Но после его смерти она боролась с болезненной неуверенностью в том, что ее ткачество было не таким уж аккуратным, плотным или красивым, как у него. Как бы она ни старалась, ей не удавалось достичь качества и мастерства его работ.
Горожане заметили. Они тихо прокрадывались, один за другим, в магазин Молли, доверяя ее ткацкому станку производить одеяла, плащи и ковры, в которых они нуждались.
Если бы только дедушка позволил Тисл попробовать освоить другое ремесло. Если бы только ее пальцы не были такими неуклюжими. Если бы только старый ткацкий станок не был таким привередливым, создавая лучшие работы только в руках дедушки. Это имело смысл, предположила Тисл. В конце концов, ткацкий станок был стародавним подарком от Ведьмака. Вероятно, в его брусьях и роликах была какая-то странная магия.
Если бы только она не ненавидела ткацкое дело так сильно.
Ведьмак ушел за пределы ее поля зрения.

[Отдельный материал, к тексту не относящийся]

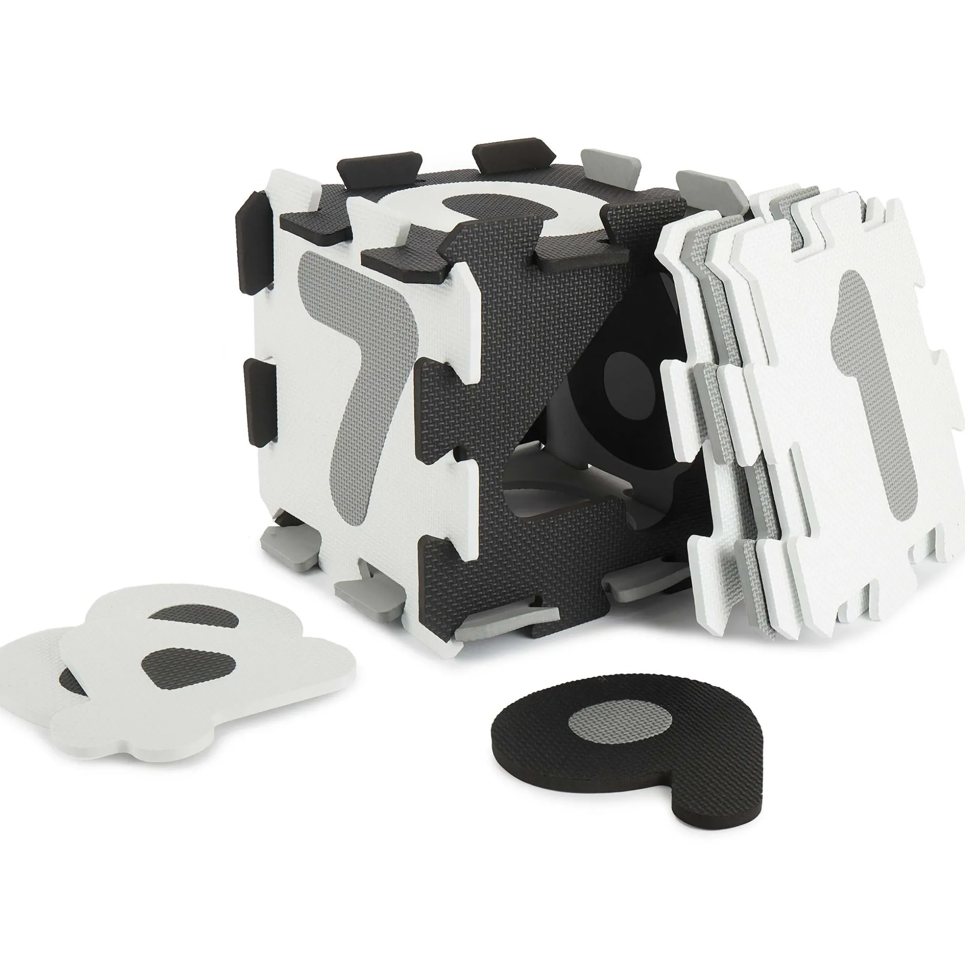 Die schwarz-weiß-graue Baby Puzzlematte mit Zahlen von 0-9 ist ein spaßiges Puzzle für Jungen und Mädchen. Beim Zusammensetzen und Auseinandernehmen wird das Denkvermögen und die Geschicklichkeit der Kleinen trainiert. Die Baby Spieldecke ist aus weichem Schaumstoff und schadstofffrei. Die Baby ist ein geeignetes Puzzle ab 6 Monaten, mit dem du deinem Liebling die ersten Zahlen näherbringst. Ein Zusammensetzen der Platten als Würfel ist ebenso möglich. Außerdem können die Zahlen aus der Mitte herausgetrennt und so einzeln zum Spielen verwendet werden.

Вероятно, он нырнул в переулок, чтобы забрать ненужное.
Вздохнув, все еще обнимая свою книгу, Тисл вернулась к праздничному столу. Она бродила по всей площади в поисках свободного места на скамейках, где могла бы втиснуться и перекусить. Плечи сдвинуты, головы повернуты друг к другу, рты шутят, смеются, разбрызгивая крошки. Дети извивались, хихикали и визжали, размахивая своими новыми игрушками, пока матери пытались убедить их поесть.
На мгновение Тисл подумала, что Маркус и его муж могли бы позволить ей сесть с ними. Но потом они обменялись взглядами и слегка сдвинулись, сократив и без того узкое пространство между ними настолько, что она, конечно, не смогла бы поместиться.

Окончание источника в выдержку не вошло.